The market caps of this popular marketplace for stays and experiences is notable for its volatility. Airbnb's IPO was made in December of a pandemic 2020, as the company decided to stick to its previously announced plans of going public. It was a hard time for many businesses yet the company's share price rose from the IPO day's level below $150 to $206.35 two months later. Demand was high at the peaks of economic reopening, especially as renting apartments suffered less from the COVID restrictions than hotels. When that wave of excitement fell, the following price correction led Airbnb stock to test the lows at nearly $82, which gave many investors a favourable price discount for the stock. Later it recovered to above $150, which many may feel as still not enough for the successful and growing business.

The latest significant decline of the broad market in the autumn of 2023 confirmed the crowd was hungry to pick up Airbnb very quickly at prices like $115-120 per share. Thus, a nearly 5% drop to follow a still basically solid Q4 sales numbers on February 13 could rather be interpreted by the market community as a good, or maybe even the last chance, to purchase the stock at a price range between $140 and $145 before it would be ready to continue its temporarily interrupted march toward former top levels. There is less doubt about this scenario for the future after the S&P 500's broad barometer recently took the dream height of 5,000 points.

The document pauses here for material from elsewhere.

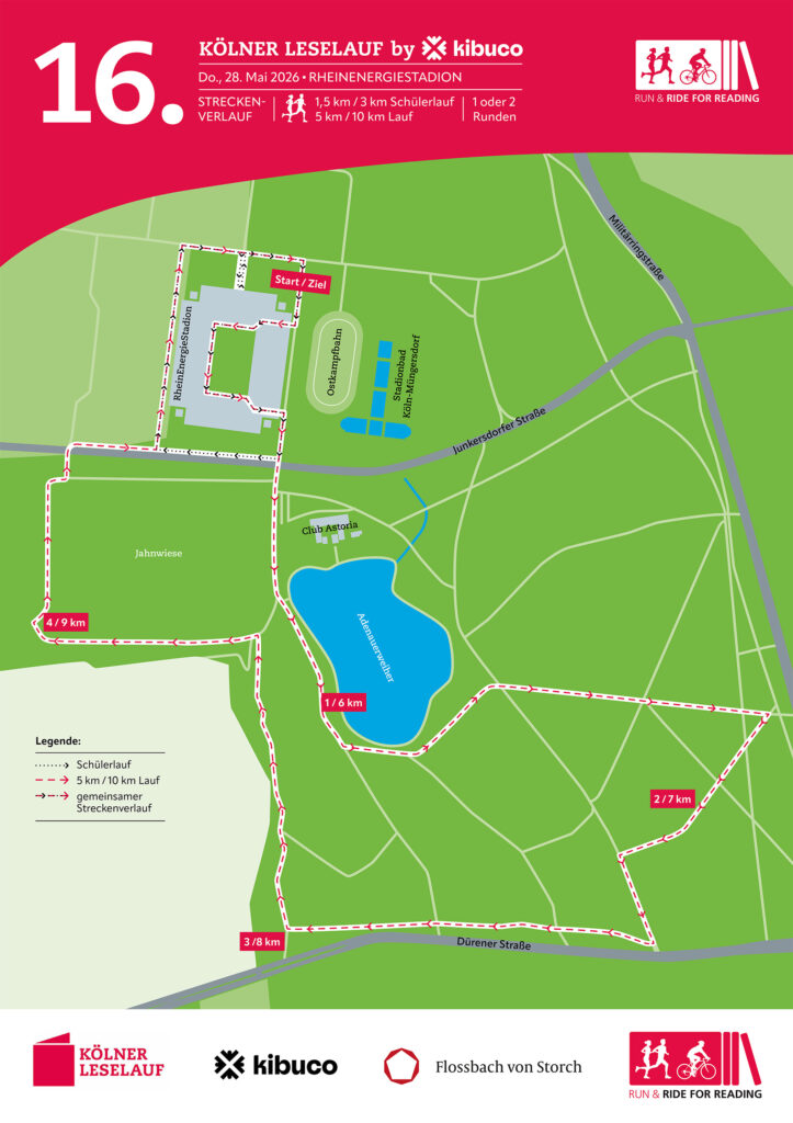 Der Kölner Leselauf hat ein vielseitiges sportliches Programm zu bieten: Laufen, Radfahren, Powerwalking und Yoga - all das ist bei uns möglich. Die gemeinnützige Veranstaltung richtet sich primär an Firmenteams, aber auch Einzelstarter:innen sind herzlich willkommen. Ebenfalls in die Veranstaltung integriert ist der Lauf der Kölner Schulen, bei dem der Spaß und die Förderung des sozialen und gemeinschaftlichen Erlebens im Vordergrund stehen.

The reason behind a moderate decline was only that the travel application's management specifically mentioned a slowdown in room-night bookings growth for Q1. In a letter to shareholders, Airbnb CEOs said that a "tough year-on-year comparison" could hit the growth rate of nights booked in the beginning of 2024, compared to its prior three-months period. The average day rate, which is a measure of how much hosts charge their guests, is expected to be flat, which is not promising a profitable quarter, while the growth in sales numbers is seen "decelerating to between 12% to 14%", down from a 17% increase in Q4.

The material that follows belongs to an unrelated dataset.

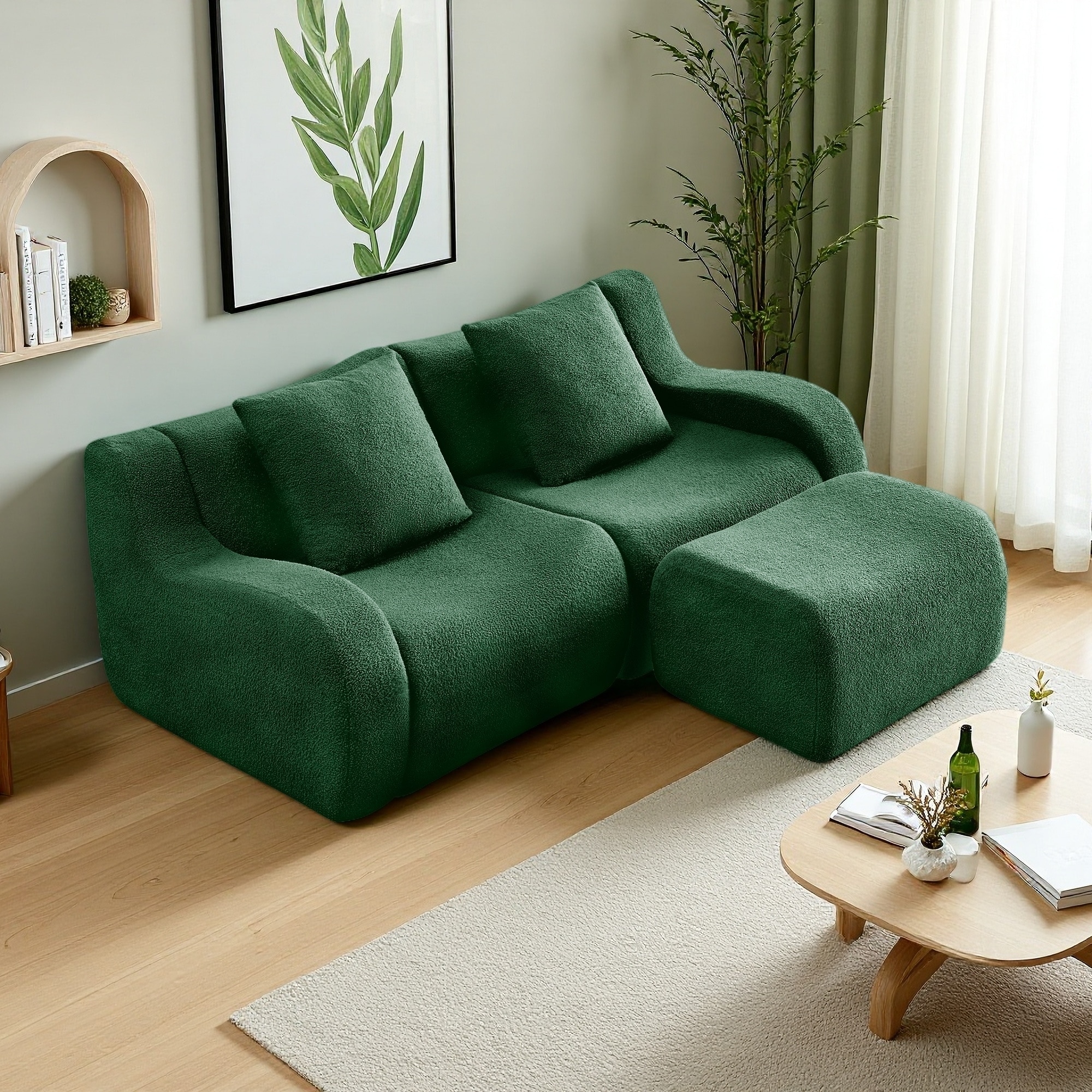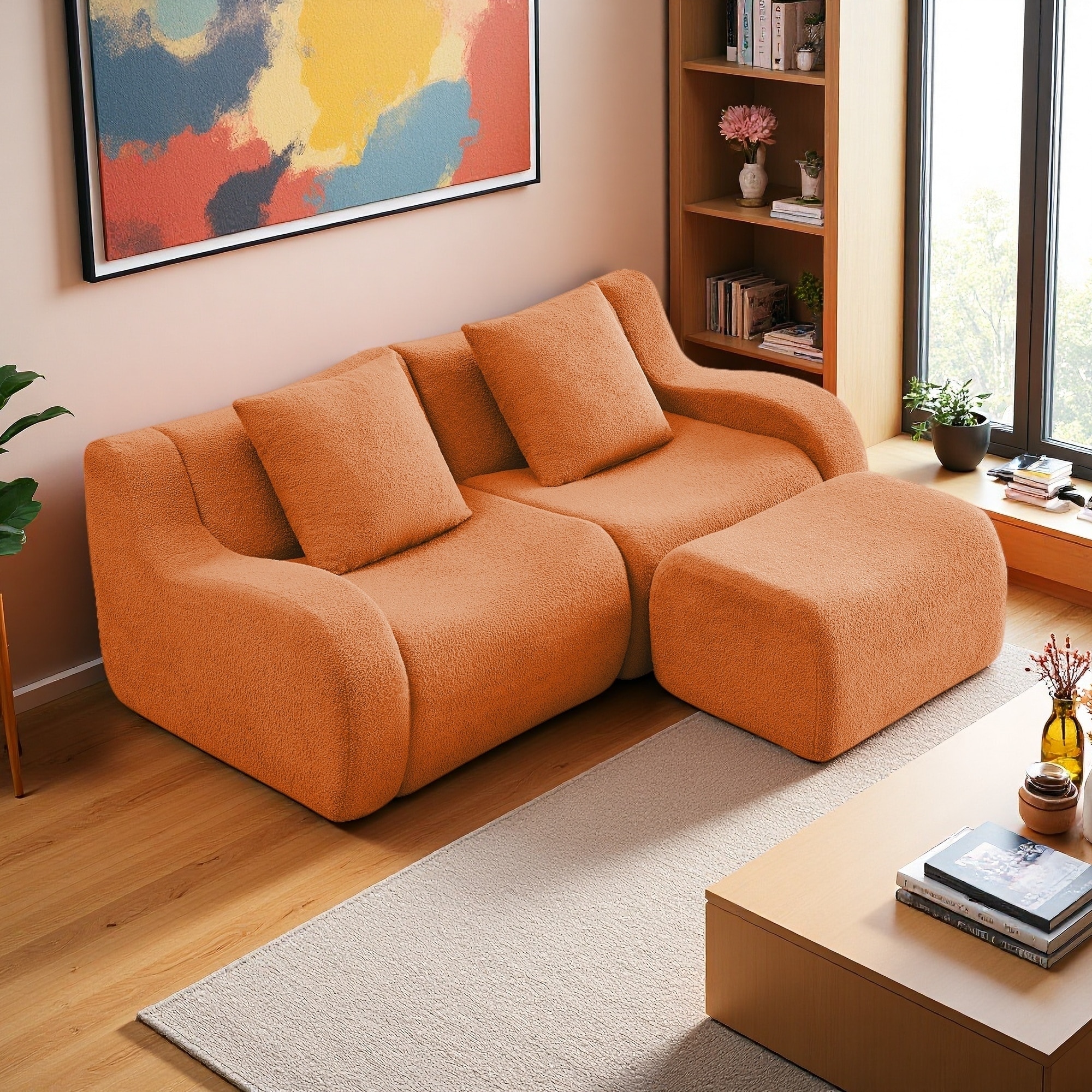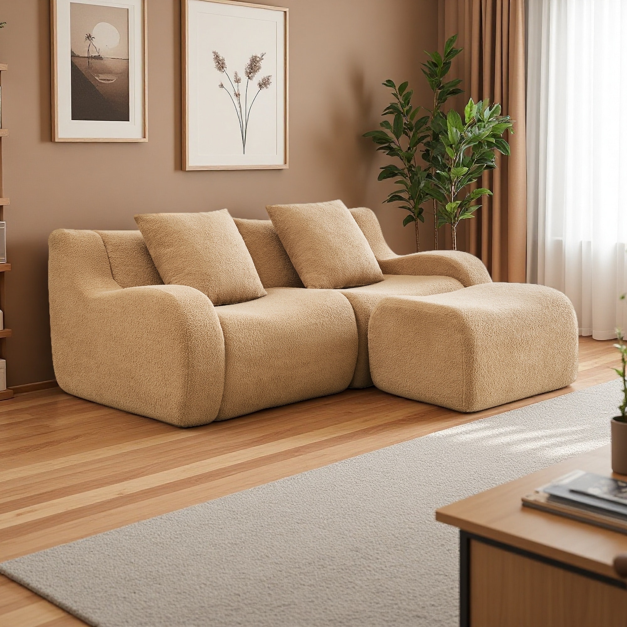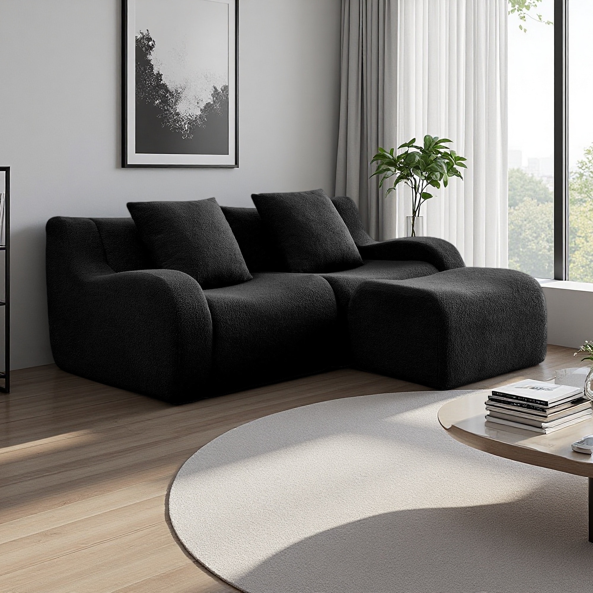 82.7" L-Shaped 2-Seat Teddy Fabric Sectional Sofa with Curved Armrest, Ergonomic

We consider it a rather ordinary seasonal factor. Again, the one-time loss of $0.55 per share in Q4 on growing revenue could be easily explained by a $1 billion in one-off tax charges. The rest of the year is going to be better for tourism and business trips, taking into account possible wind change on foreign exchange markets when the Fed and the ECB would start rates cutting process. A global supply of accommodations "continues to grow nicely", according to Morgan Stanley group of analysts. Airbnb itself announced a new $6 billion buyback program, which is a positive sign, while its CEO Brian Chesky called a year of 2024 as an "inflection point" in his company's aspirations to expand its services. So, target prices at least around $180 per share probably look achievable and reasonable for the second half of the year.